Por que a ANVISA não aprova já a distribuição da fosfoetanolamina?

Nos últimos meses tem acontecido um debate caloroso e controverso acerca de um composto químico, a fosfoetanolamina. Se trata de um composto orgânico (C2H8NO4P) presente naturalmente no organismo de diversos mamíferos e responsável pela biossíntese de certos lipídeos (esfingomielinas) que participam da estrutura da membrana plasmática, além de possuir uma função sinalizadora, informando ao organismo de algumas situações da célula.

Os lipídeos, são moléculas gordurosas ou oleosas compostas por uma cauda hidrofóbica (apolar) e uma cabeça hidrofílica (polar). Essa é a característica chave para a formação da bicamada lipídica da membrana plasmática, onde a porção hidrofóbica interage no interior da membrana e as cabeças polares ficam voltadas para o citoplasma e exterior celular, como pode ser observado na figura abaixo.
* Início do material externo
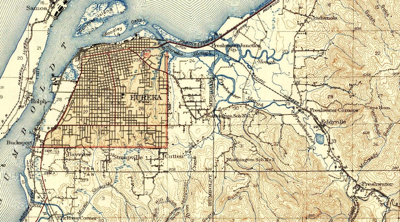 Northern portion of route

A fosfoetanolamina corresponde à cabeça polar de algumas esfingomielinas, que é um tipo de esfingolipídeo.

membrana (2)

Modelo do mosaico fluido da membrana

A base da polêmica vem do fato de que o químico Dr. Gilberto Orivaldo Chierice (docente do Instituto de Química da USP de São Carlos) começou a fabricar uma forma sintética da fosfoetanolamina sob alegações de que essa versão do composto teria propriedades de combater alguns tipos de tumores. Segundo o professor, o composto seria capaz de sinalizar as células tumorais, permitindo a diferenciação de células sadias e células doentes por meio de uma ação na mitocôndria. Como a atividade mitocondrial é altamente dependente de lipídeos, e as mitocôndrias de células cancerosas apresentam uma atividade diminuída, a fosfoetanolamina ativa essas mitocôndrias de células cancerosas, permitindo a promoção de mecanismos apoptóticos (morte celular) e sinalização de membrana celular para reconhecimento da célula cancerosa pelo sistema imune.

O pesquisador passou a distribuir cápsulas contendo a droga a pacientes com câncer, que alegaram apresentar melhoras dos sintomas. O problema é que ele fez a distribuição a pacientes sem o registro na Agência Nacional de Vigilância Sanitária (ANVISA). Os estudos necessários para obter o registro da ANVISA não estão completos, faltam estudos clínicos controlados. Contudo, em novembro de 2015 o Ministério da Ciência, Tecnologia e Inovação anunciou a destinação de R$ 10 milhões para as atividades ligadas à pesquisa da fosfoetanolamina em um período de dois anos, visando a determinar se há ou não eficácia e segurança da substância no tratamento do câncer.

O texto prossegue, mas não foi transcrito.